[[ INFORMATION SHOWN open ]]
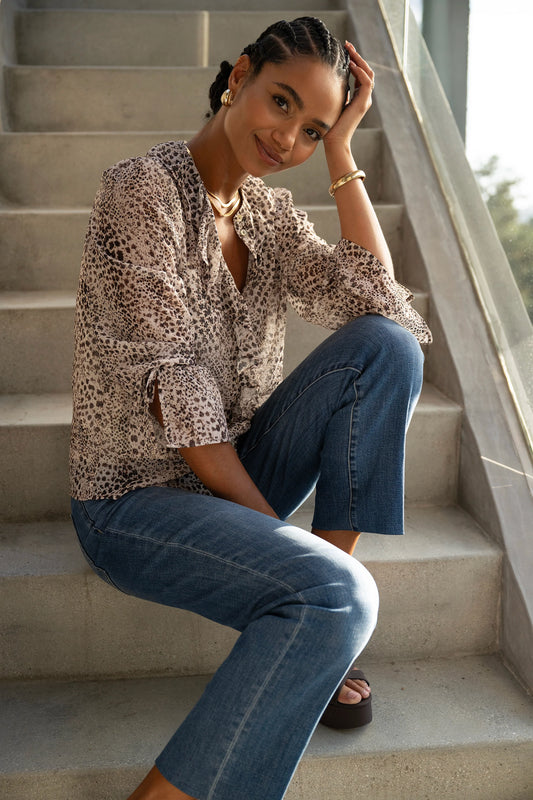 Liverpool - Woven Top With Front Tie (Nomad Ikat Print)
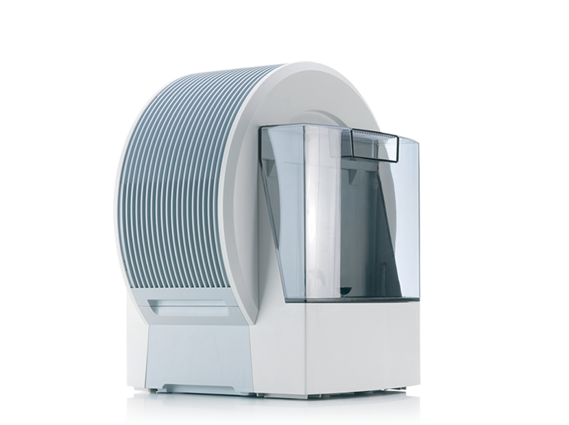 Система пластиковых дисков поднимает из резервуара воду и преобразует ее в мелкодисперсную водяную пыль. Полученная водяная баня не только увлажняет воздух, но и удаляет из него вредные частицы: пыль, грязь, пыльцу растений, частицы волос и шерсти животных и прочие аллергены.
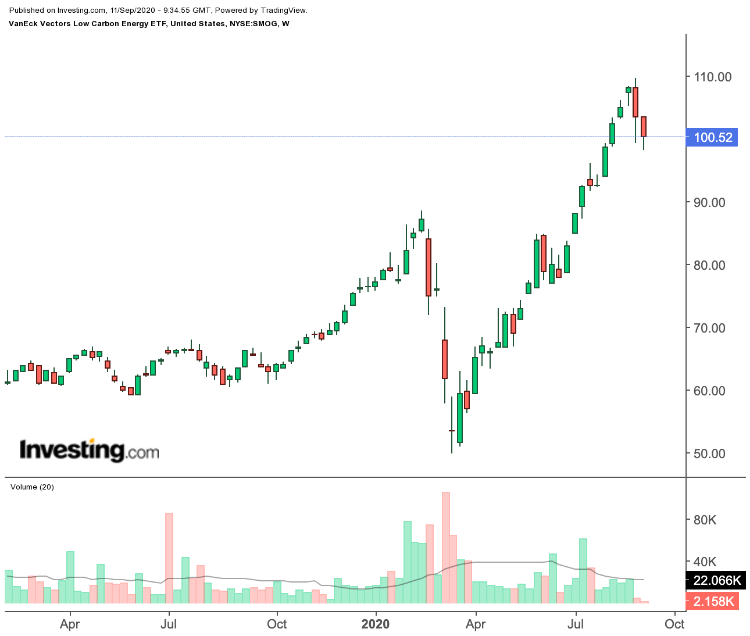 The VanEck Vectors Low Carbon Energy ETF (NYSE:SMOG) 为投资者提供了对全球可替代能源领域的公司的投资敞口。其中,包括主要来自生物质能、风能、太阳能、水能和地热资源等能源。
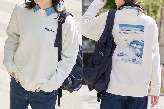 今回のコラボスウェットには、「いつか家族の思い出になる服」というGolden Bearの想いから、前川貴行氏の作品からシロクマ親子の写真が2枚セレクトされ、プリントされています。
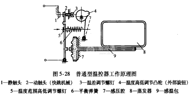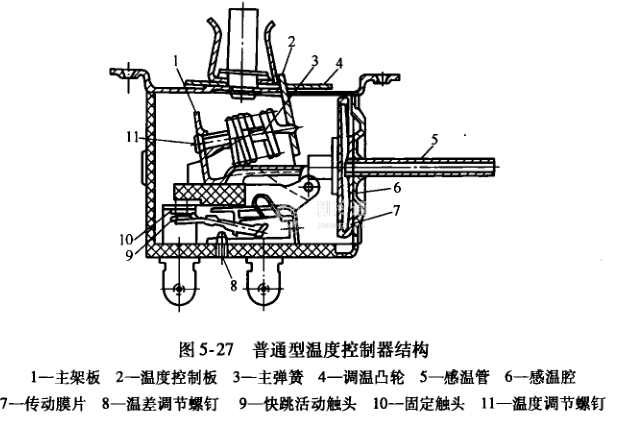 用于冷藏箱的普通型溫度控制器也稱為一般型或標準型溫度控制器,其結構如圖5-27所示。
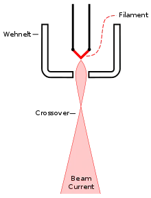 A Wehnelt acts as a control grid and it also serves as a convergent electrostatic lens. An electron emitter is positioned directly above the Wehnelt aperture, and an anode is located below the Wehnelt. The anode is biased to a high positive voltage (typically +1 kV to +30 kV) relative to the emitter so as to accelerate electrons from the emitter towards the anode, thus creating an electron beam that passes through the Wehnelt aperture.
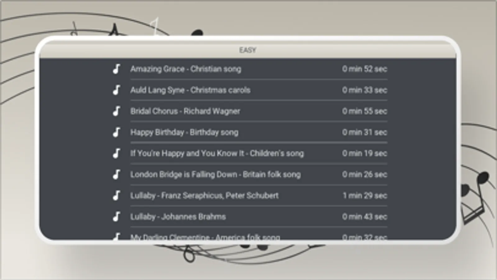 In Play Mode you can play without the help of our piano tutorial and record music, you can choose to only record audio or to record video view of screen and audio as you play. Recorded music files can be shared with family, friends and loved once.
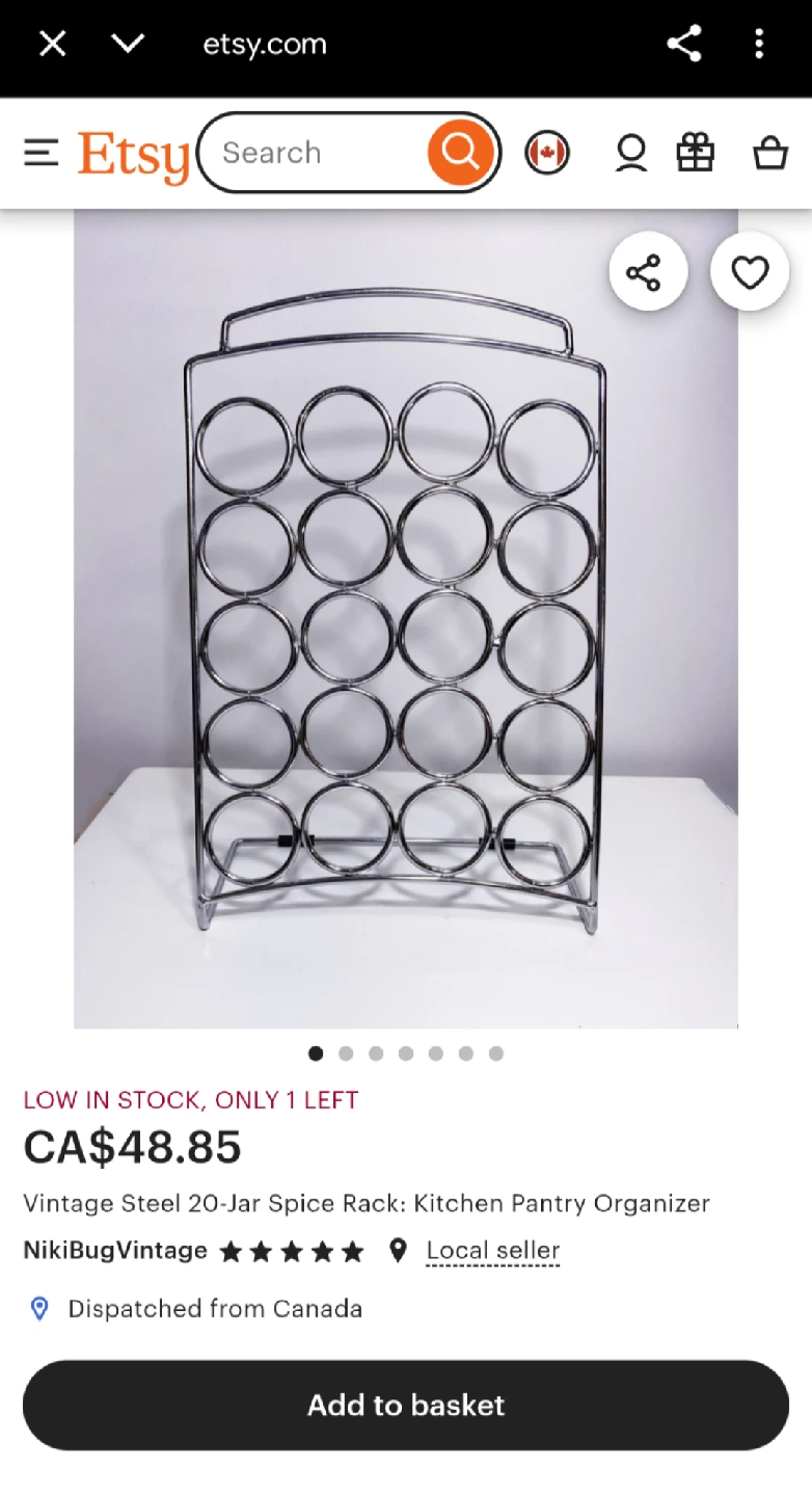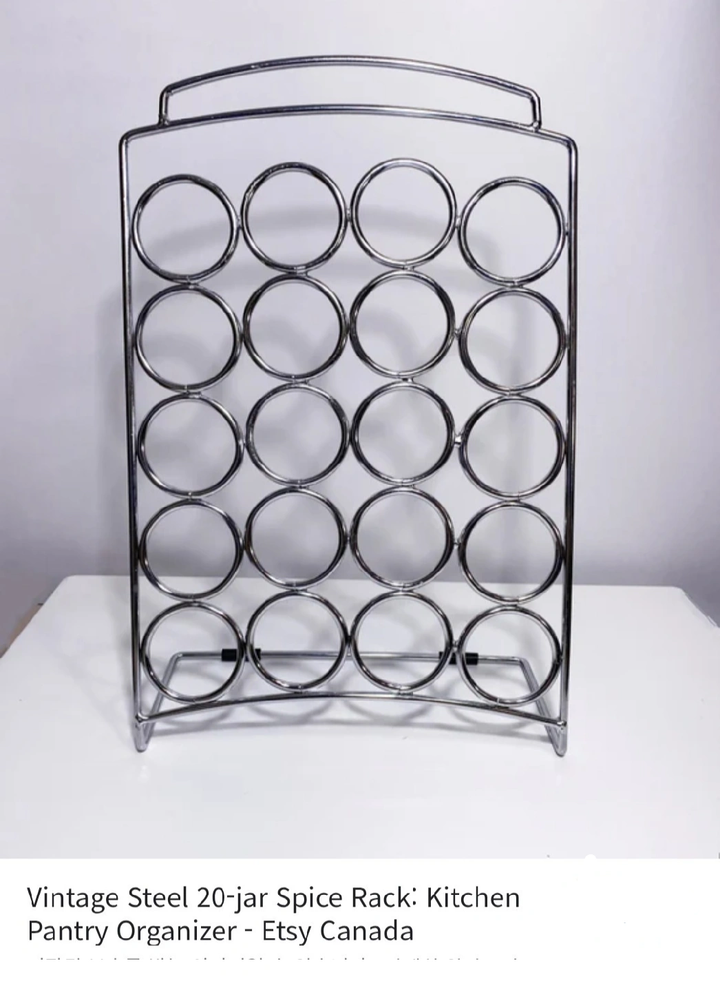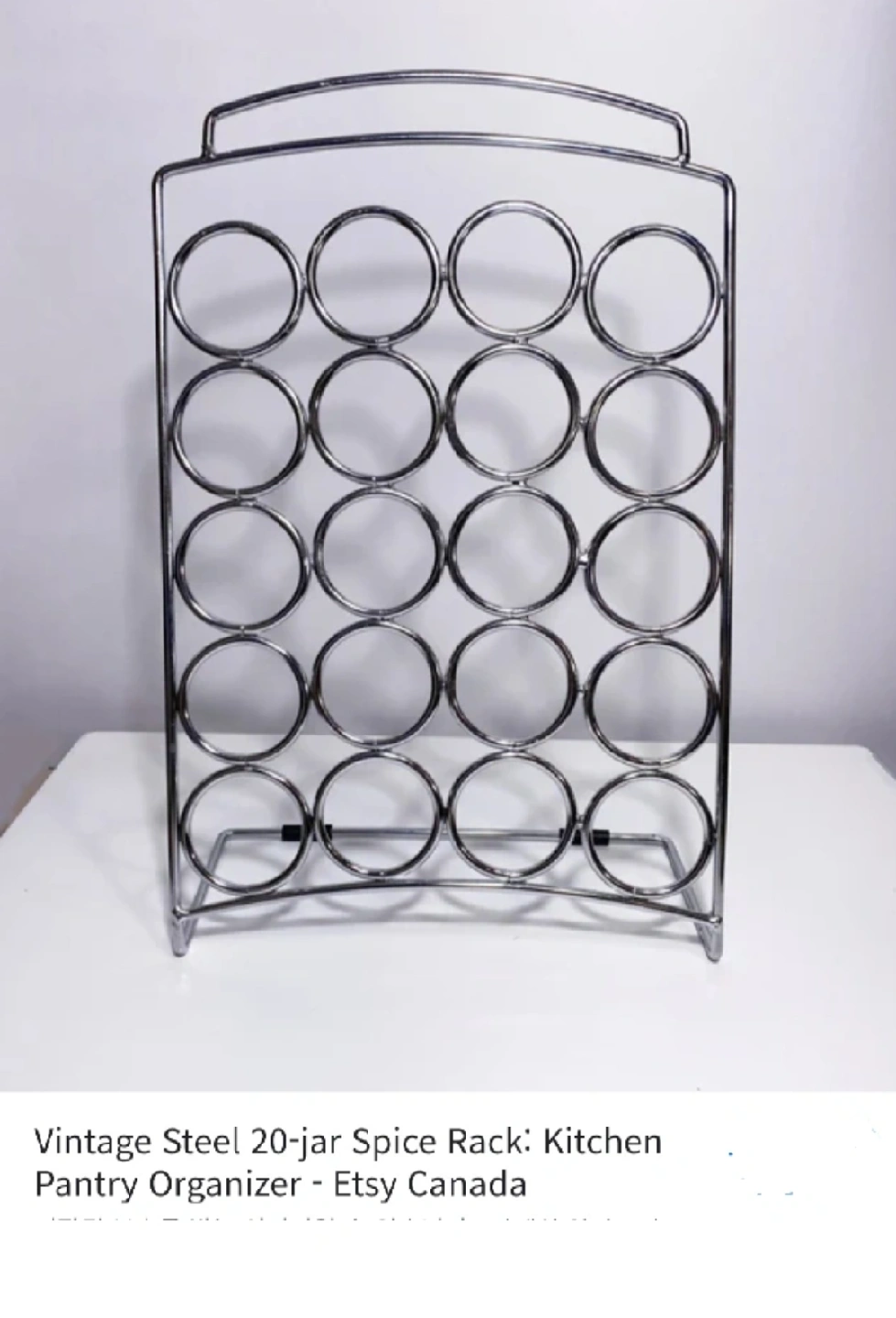Selling a vintage steel spice rack! It's a kitchen pantry organizer with space for 20 jars. The diameter of each circle is 1.8 inches Originally bought for $48.85 never used.
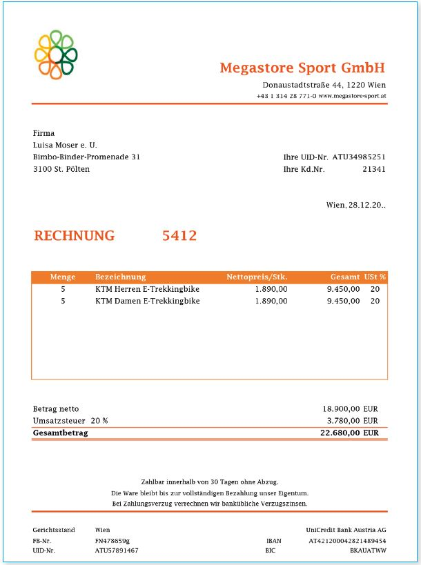 Das Belegdatum entspricht dem Buchungsdatum.
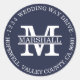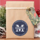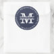 Texto na cor branca em um adesivo de fundo azul-marinho. Personalize facilmente com seu Monograma. Dá um visual elegante e sofisticado à sua papelaria de casamento. Ideal para um casamento com tema na cor roxa.
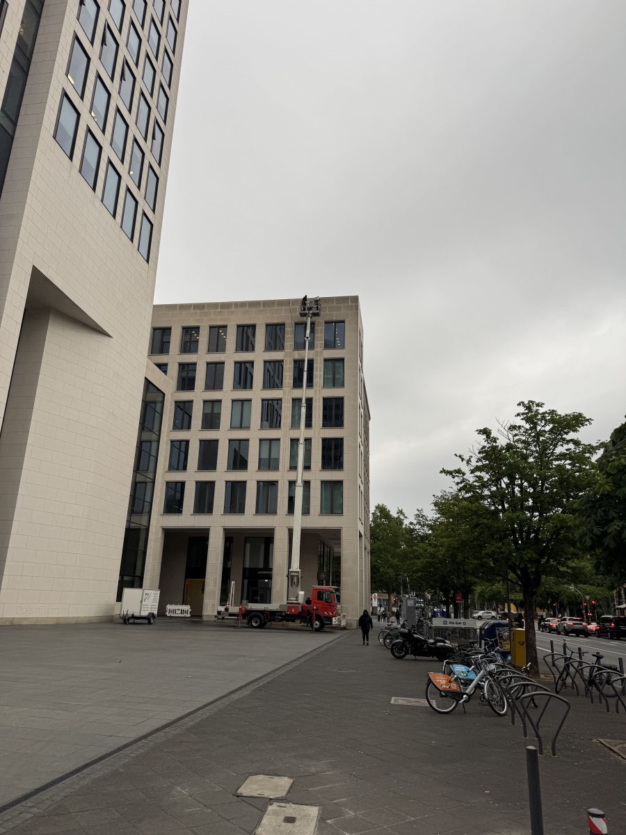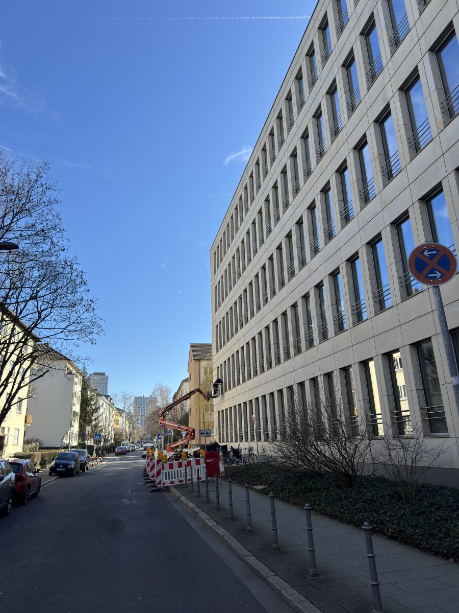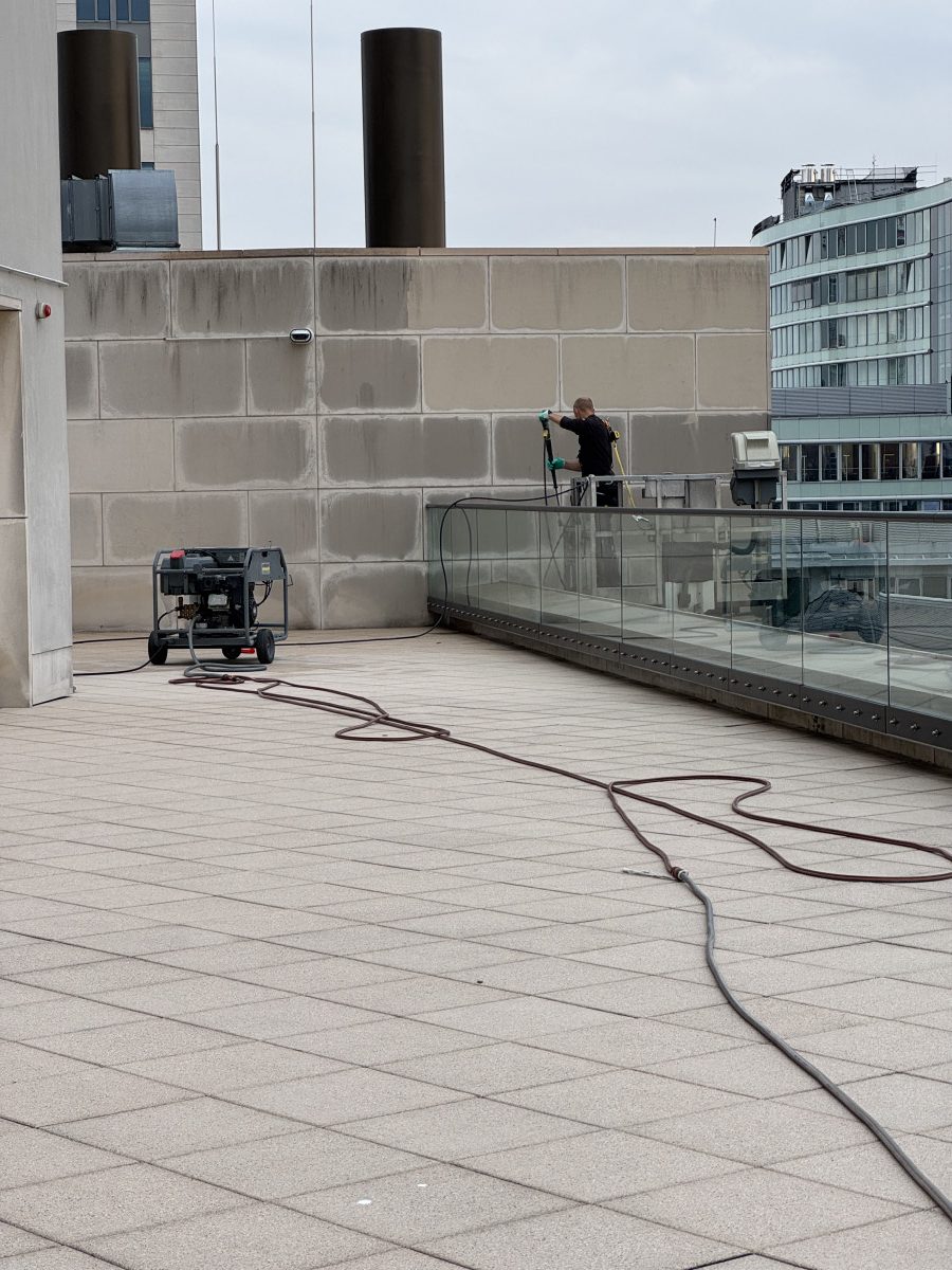 Steinfassadenreinigung mit HD-Gerät und Hubarbeitsbühne
[[ INFORMATION SHOWN closed ]]
> _WHAT THIS TASK INVOLVES_: Give again exactly the lines from the one holding "A Wehnelt acts" to the final line of the records, both ends included, and nothing more. Pictures do not belong in the copy.

> _TASK RESULT_:
 A Wehnelt acts as a control grid and it also serves as a convergent electrostatic lens. An electron emitter is positioned directly above the Wehnelt aperture, and an anode is located below the Wehnelt. The anode is biased to a high positive voltage (typically +1 kV to +30 kV) relative to the emitter so as to accelerate electrons from the emitter towards the anode, thus creating an electron beam that passes through the Wehnelt aperture.
 In Play Mode you can play without the help of our piano tutorial and record music, you can choose to only record audio or to record video view of screen and audio as you play. Recorded music files can be shared with family, friends and loved once.
Selling a vintage steel spice rack! It's a kitchen pantry organizer with space for 20 jars. The diameter of each circle is 1.8 inches Originally bought for $48.85 never used.
 Das Belegdatum entspricht dem Buchungsdatum.
 Texto na cor branca em um adesivo de fundo azul-marinho. Personalize facilmente com seu Monograma. Dá um visual elegante e sofisticado à sua papelaria de casamento. Ideal para um casamento com tema na cor roxa.
 Steinfassadenreinigung mit HD-Gerät und Hubarbeitsbühne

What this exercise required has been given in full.